Glanmire's Mia Furlong finding her feet in green

Furlong is from a talented generation of ballers who simply see no obstacles on or off the court.
Glanmire's Mia Furlong finding her feet in green

GATEWAY TO SUCCESS: The Address UCC Glanmire’s Mia Furlong is all set for international minutes this week. 

JUST how far would you go for your sporty kids?

Paul Furlong certainly took ‘Dad & Mum’s Taxi’ service to another level Monday morning when he turned the car for Dublin airport at an ungodly hour.

When your daughter Mia has just won a top-of-the-table clash to put The Address UCC Glanmire atop the MissQuote.ie Super League table and needs to join her Irish senior teammates at stupid-o-clock next day, these are the lengths to which parents will go.

“We had to be in the airport at 5am so he drove me up from Cork at half past two in the morning.

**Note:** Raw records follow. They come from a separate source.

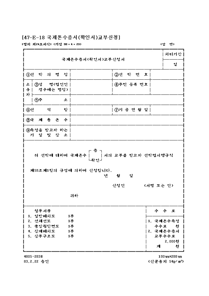 9,000원/월위 선박에 대하여 국제톤수 (증, 확인)서의 교부를 받고자 선박법시행규칙 제59조제1항의 규정에 의하여 신청하고자 할 때 사용하는 국제 톤수증서(확인서) 교부신청서 양식입니다.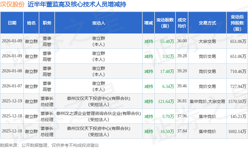 汉仪股份近半年内的董监高及核心技术人员增减持详情如下: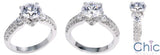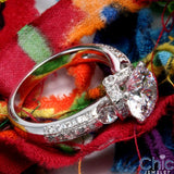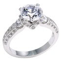 An exquisite engagement ring with high polished solid shank, AAA high quality round center cubic zirconia set in prong setting, with round cubic zirconia diamonds in all direCt ions in pave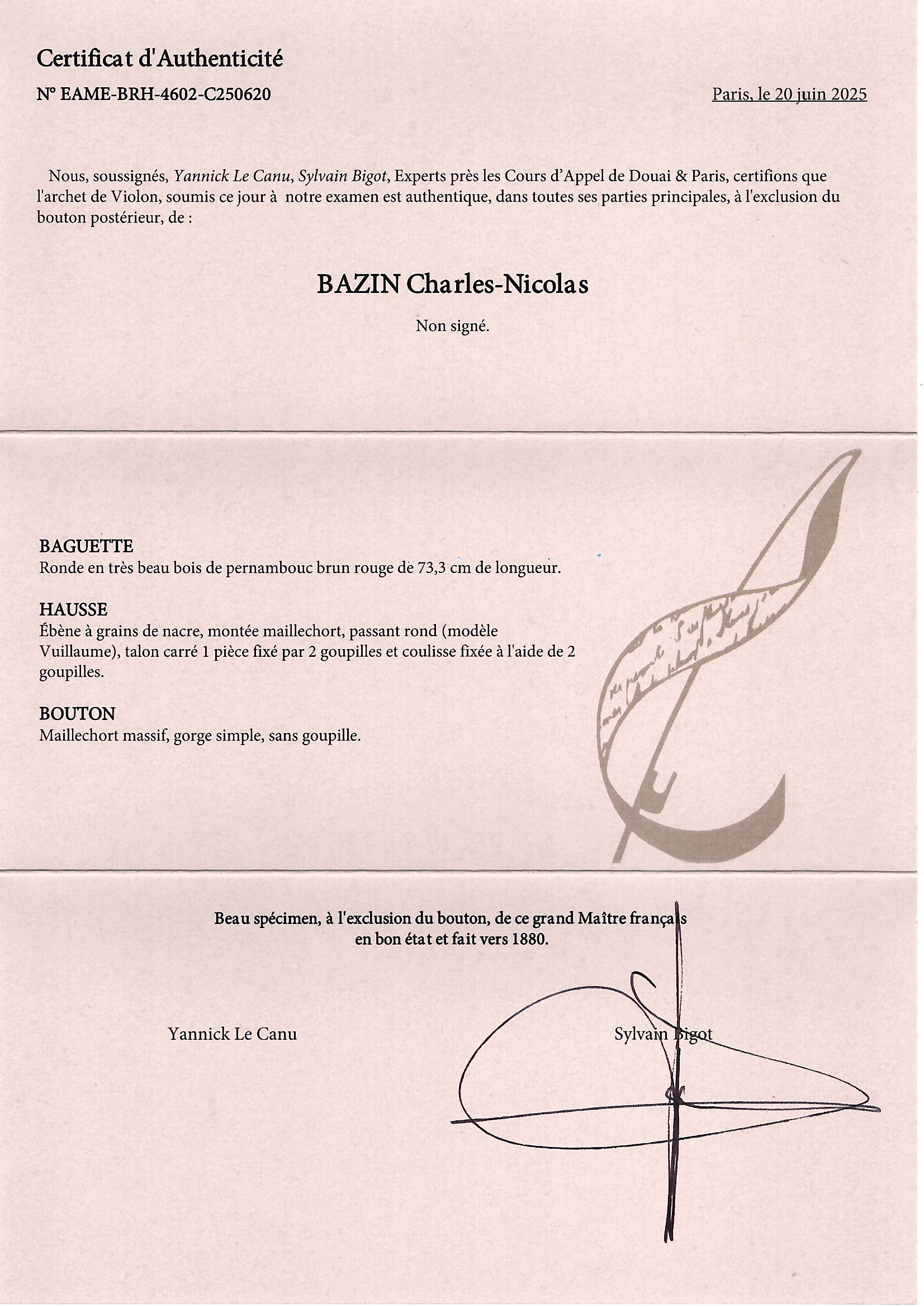 Sold with the certificate of Cabinet d'Archetiers Experts, Paris, dated 20th June 2025

That man would do anything for me!” she relates gratefully.

“He’s actually coming out to watch the game with a friend of his. He wouldn’t be much into basketball but he’s going to experience it at such a high level.” 

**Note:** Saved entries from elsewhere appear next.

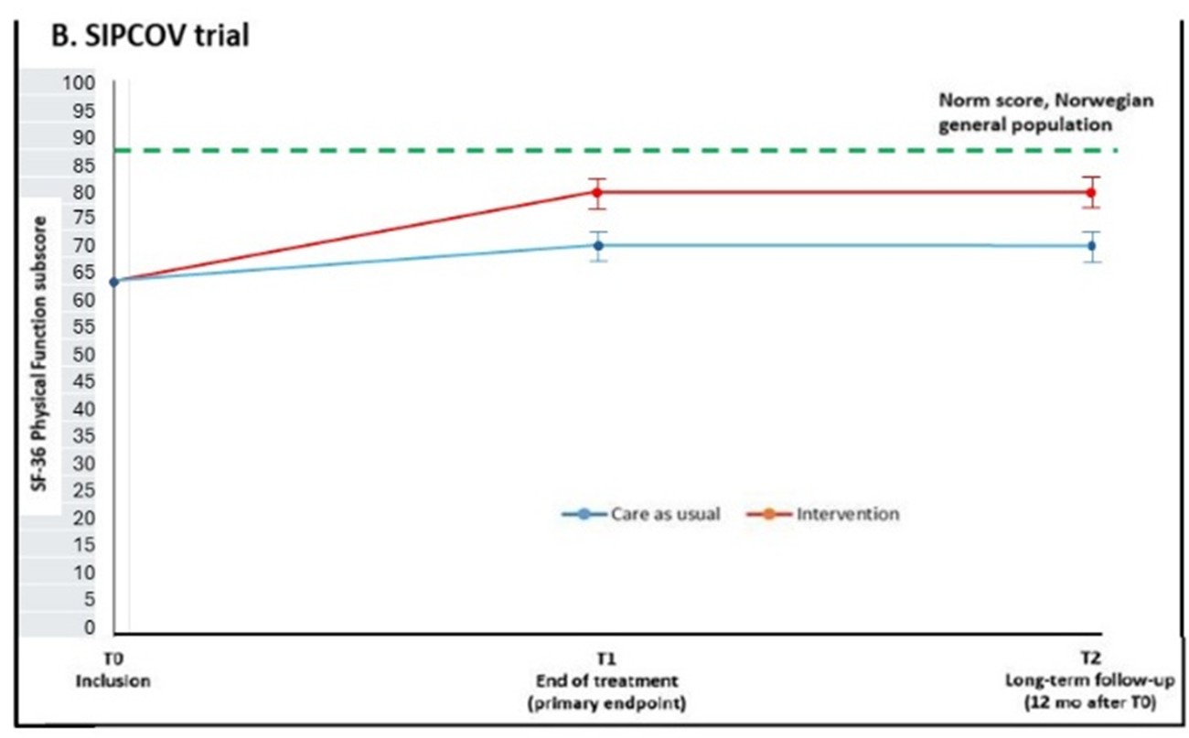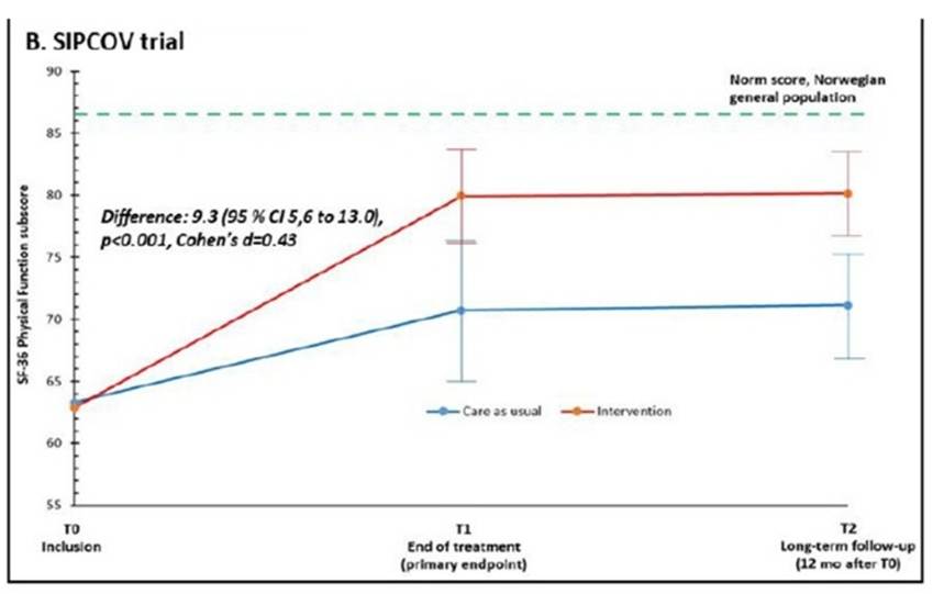 Det hevdes at «En nylig avsluttet randomisert klinisk studie (MINIRICO) av en kort kognitiv atferdsintervensjon (mind-body reprogramming therapy, MBRT) kontra behandling som vanlig ved langvarig COVID viste en gunstig effekt på fysisk funksjon samt andre mål på symptomer og kapasitet. På samme måte viste en annen studie (SIPCOV) med en lignende kort kognitiv atferdsintervensjon ved langvarig COVID bemerkelsesverdig like gunstige effekter med vedvarende effekt over tid.».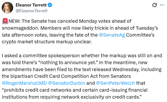 Повышение Сената на вторник произошло после того, как оно было отложено 15 января из-за споров по поводу ограничений на вознаграждения в стейблкоинах и других положений о децентрализованном финансировании, что привело к прекращению поддержки крупного игрока отрасли Coinbase.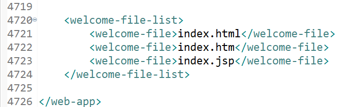 하지만 사람들은 project에 어떤 내용이 있는지 알 수 없다. 그렇기 때문에 어떤 주소를 요청해야할 지 알 수 없다는 것이다. 그래서 index page 라는 친구가 필요하다. 이 친구는 애플 홈페이지를 방문할 때 'apple.com' 만을 작성하는 것처럼 페이지를 방문했을 때 사용자를 가장 먼저 맞이하는 welcome page가 된다. 이 index page는 index.html 의 이름으로 작성해야 한다. 이름이 무조건 이래야하는데, 이에 대한 설정은 server를 추가할 때 만들어진 Servers 의 web.xml 4720번째 줄 가장 하단에 작성되어 있다. index.html file이 없으면 index.htm, 이것마저 없으면 index.jsp file을 찾아서 welcome page로 만든다. 전부 없다면 만들어지지 않는다.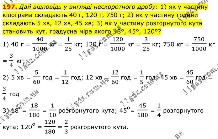 Дай відповідь у вигляді нескоротного дробу: 1) як у частину кілограма складають 40 г, 120 г, 750 г; 2) як у частину години складають 5 хв, 12 хв, 45 хв; 3) як у частину розгорнутого кута становить кут, градусна міра якого 18°, 45°, 120°? 1) 40 г = 40/1000 кг = 1/25 кг; 120 г = 120/1000 кг = 3/25 кг; 750 кг = 750/1000 кг = 3/4 кг; 2) 5 хв = 5/60 год = 1/12 год; 12 хв = 12/60 год = 1/5 год; 45 хв = 45/60 год = 3/4 год 3) 18°= 18/180 = 1/10 розгорнутого кута; 45°= 45/180 = 1/4 розгорнутого кута; 120° = 120/180 = 2/3 розгорнутого кута.
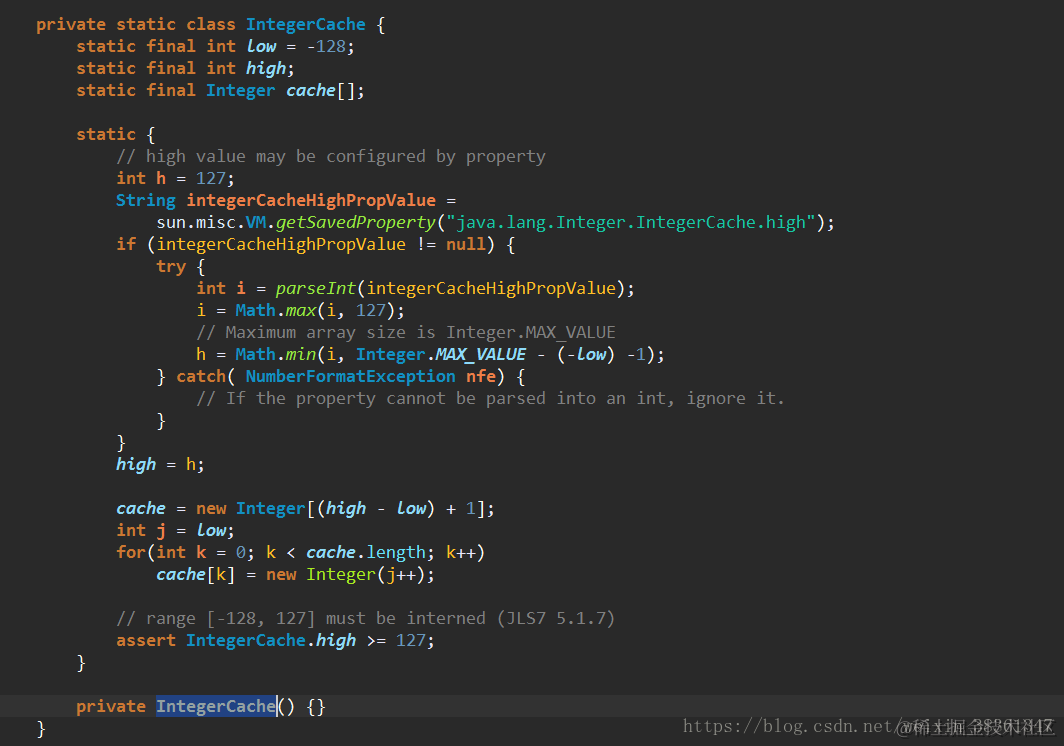 Integer缓存了-128~127之间的数,这是在类加载期间就完成的。以后需要的时候直接指向它就可以了,省去了构造对象的开支,提高了效率。

It was Furlong’s mum Evelyn who first encouraged her to take up the game and even though both herself and Paul are from Enniscorthy they’re now the proud parents of three Cork daughters. Mia (21) and Abby (18) are already playing Super League together and Aoise plays with Glanmire’s U10s.

Now their eldest is on the cusp of her senior competitive debut in green, the only Glanmire player in the panel for Thursday's final 2023 European Championships qualifier, against the Czech Republic, in Praque (Live on TG4, 4pm).

There was no pressure when Furlong made her Ireland senior debut, against Estonia, in last summer’s Gotham Drywall Challenge series - “literally the most perfect first cap you could have imagined.”  

But this is her first time to make the final 12 and, with nothing to lose, (qualification is already beyond James Weldon’s side), she might get court time.

She went from battling with Trinity Meteors’ Dayna Finn on Sunday to sharing a room with her the next night.

“We haven’t spoken about that yet,” she smiled. “That’s just what you have to do. All the players get along really well. I see Edel (Thornton) a lot in Cork but the girls from Dublin, even though you wouldn’t see them much, there’s no difference once we’re in camp together.” 

Thornton may play for Brunell but gave her a great senior international welcome, as did Trinity’s Claire Melia who played with Glanmire last year.

“As captain, Edel takes everyone under her wing anyway but, my first (Ireland) training she was like ‘oh we’ll get the bus up together’ and she chatted to me the whole way so that really put me at ease.” 

Furlong is from a talented generation of ballers who simply see no obstacles on or off the court. She was part of the Ireland U18 team just pipped for a quarter-final slot at the 2019 European U18s (Division B).

Of that crew Katie Williamson, Erin Maguire and Debbie Ogayemi are now in the States while Furlong is in her third year of chemical engineering at MTU Cork where the gender balance defies expectations.

“There’s 21 in my class and it’s the first they’ve ever had with a 50:50 split which I think is brilliant. I feel like our U18 team was the first time I thought ‘we can do really well here’. We were just very unlucky, lost out on points difference in the group stages to get into the last eight which was crushing.

“It means everything to be here now and if I even get to step on the court for a minute or two tomorrow (thurs) I’d be delighted.”